[Items from a dataset]
((

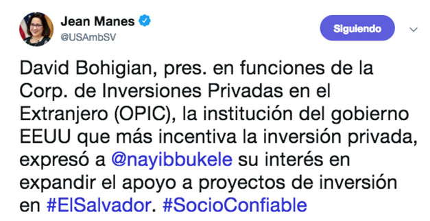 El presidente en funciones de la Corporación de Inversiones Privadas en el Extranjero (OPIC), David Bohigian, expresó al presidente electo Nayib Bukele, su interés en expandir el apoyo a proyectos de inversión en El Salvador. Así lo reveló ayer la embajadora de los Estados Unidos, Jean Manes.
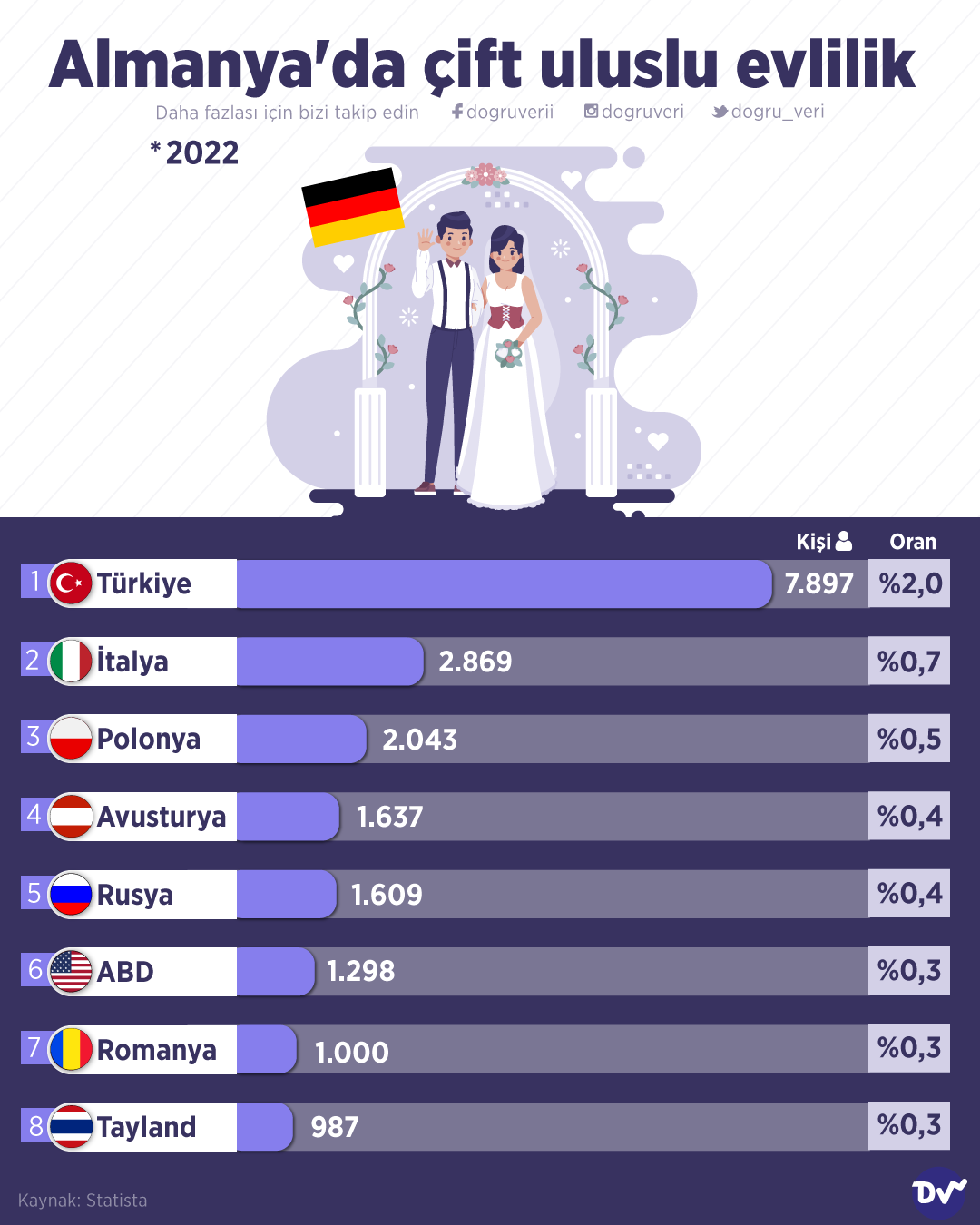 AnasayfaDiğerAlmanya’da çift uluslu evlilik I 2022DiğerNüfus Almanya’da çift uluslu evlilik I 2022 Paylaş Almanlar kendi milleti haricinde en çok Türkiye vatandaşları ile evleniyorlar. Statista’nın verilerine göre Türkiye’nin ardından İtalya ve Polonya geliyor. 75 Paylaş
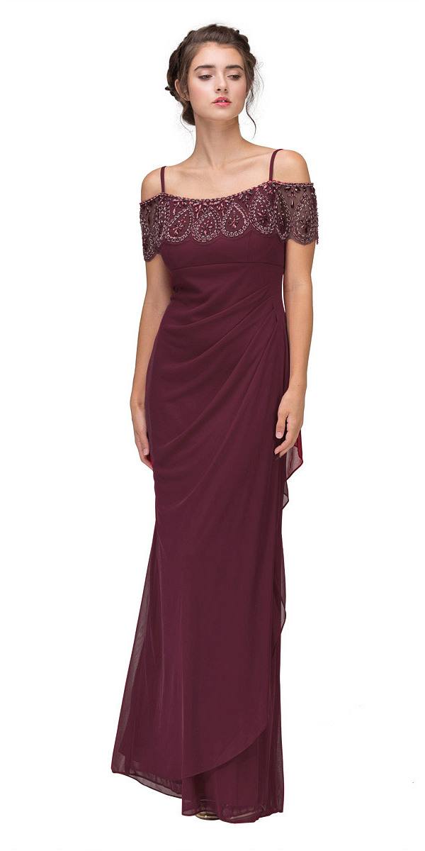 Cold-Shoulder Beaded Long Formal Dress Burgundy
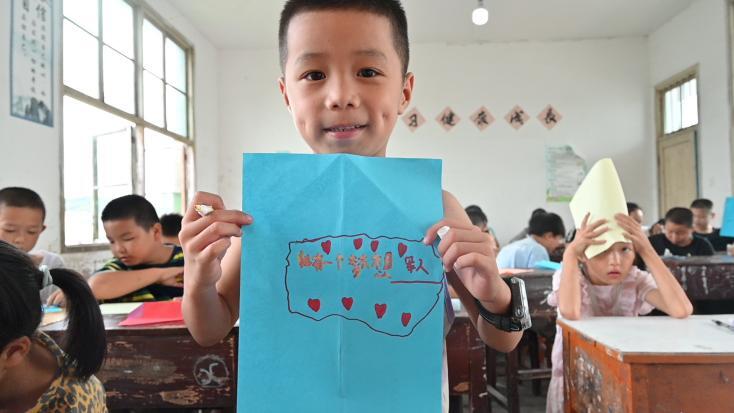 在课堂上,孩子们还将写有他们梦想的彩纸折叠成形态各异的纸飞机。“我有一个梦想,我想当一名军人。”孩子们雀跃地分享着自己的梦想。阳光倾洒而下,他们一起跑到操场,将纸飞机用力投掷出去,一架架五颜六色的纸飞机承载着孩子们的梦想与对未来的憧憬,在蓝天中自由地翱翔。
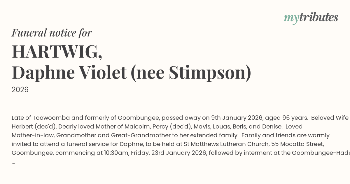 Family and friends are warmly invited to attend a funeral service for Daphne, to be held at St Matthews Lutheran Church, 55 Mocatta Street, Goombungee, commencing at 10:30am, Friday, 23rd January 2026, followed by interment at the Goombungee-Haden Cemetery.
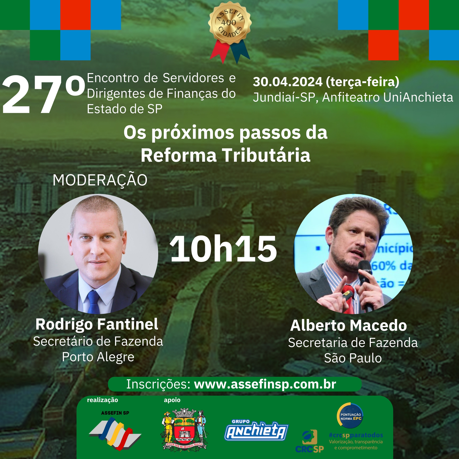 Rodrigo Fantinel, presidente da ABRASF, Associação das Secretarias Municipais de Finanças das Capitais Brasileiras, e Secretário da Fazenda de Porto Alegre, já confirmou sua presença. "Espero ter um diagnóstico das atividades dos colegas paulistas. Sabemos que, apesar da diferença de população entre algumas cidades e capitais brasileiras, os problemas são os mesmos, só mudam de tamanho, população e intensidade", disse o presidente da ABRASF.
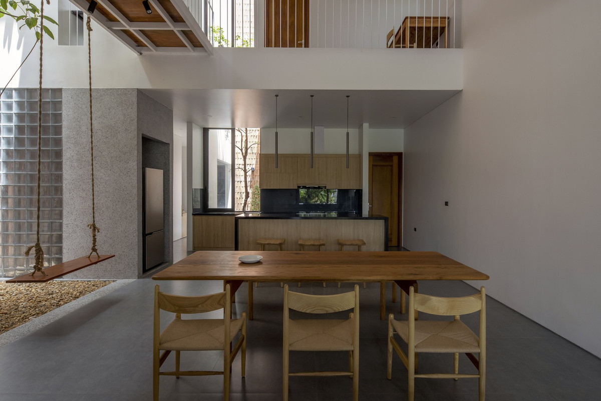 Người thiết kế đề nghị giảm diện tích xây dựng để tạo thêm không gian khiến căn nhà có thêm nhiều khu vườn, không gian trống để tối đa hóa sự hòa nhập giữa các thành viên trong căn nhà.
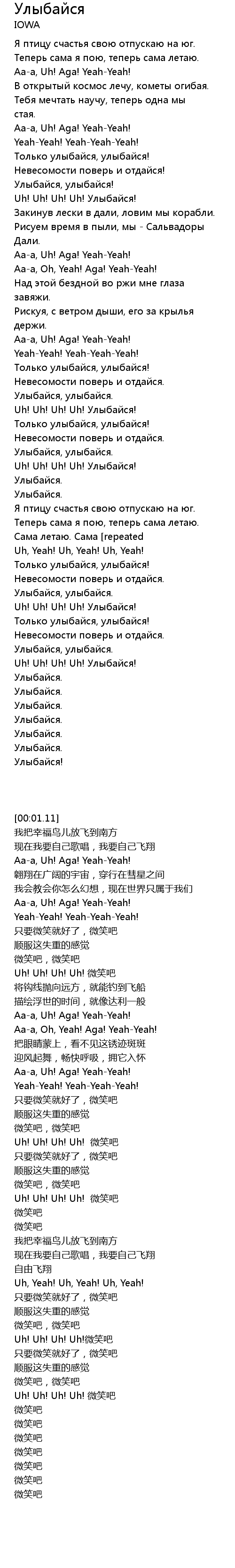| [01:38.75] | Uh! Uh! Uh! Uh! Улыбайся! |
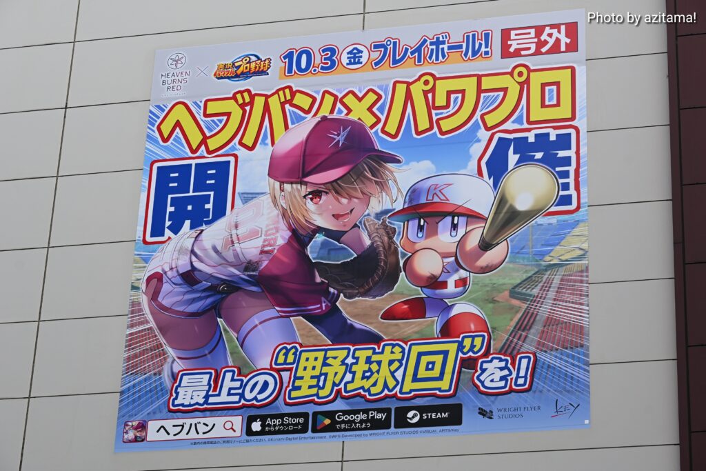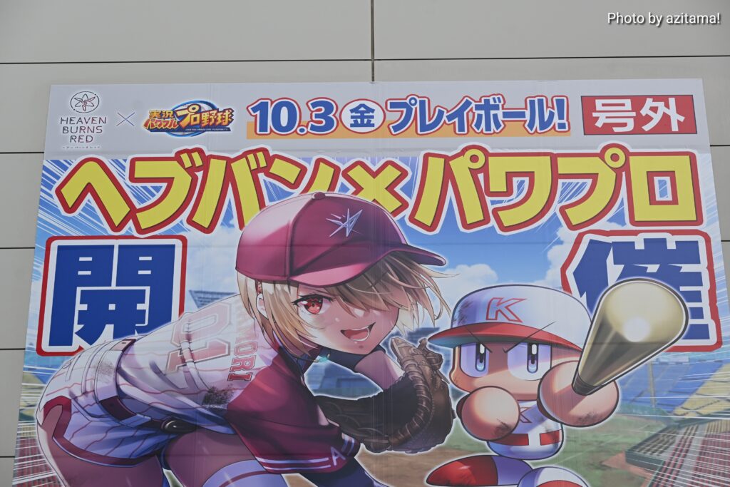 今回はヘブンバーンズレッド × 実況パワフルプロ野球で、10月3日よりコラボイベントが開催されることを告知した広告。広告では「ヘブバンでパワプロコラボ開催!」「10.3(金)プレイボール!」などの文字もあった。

))

* WHAT IS REQUIRED
Return the stretch of data that begins with the line showing "在课堂上,孩子们还将写有他们" and goes on through the line showing "Family and friends", exactly, with pictures removed.

* WRITTEN SOLUTION
 在课堂上,孩子们还将写有他们梦想的彩纸折叠成形态各异的纸飞机。“我有一个梦想,我想当一名军人。”孩子们雀跃地分享着自己的梦想。阳光倾洒而下,他们一起跑到操场,将纸飞机用力投掷出去,一架架五颜六色的纸飞机承载着孩子们的梦想与对未来的憧憬,在蓝天中自由地翱翔。
 Family and friends are warmly invited to attend a funeral service for Daphne, to be held at St Matthews Lutheran Church, 55 Mocatta Street, Goombungee, commencing at 10:30am, Friday, 23rd January 2026, followed by interment at the Goombungee-Haden Cemetery.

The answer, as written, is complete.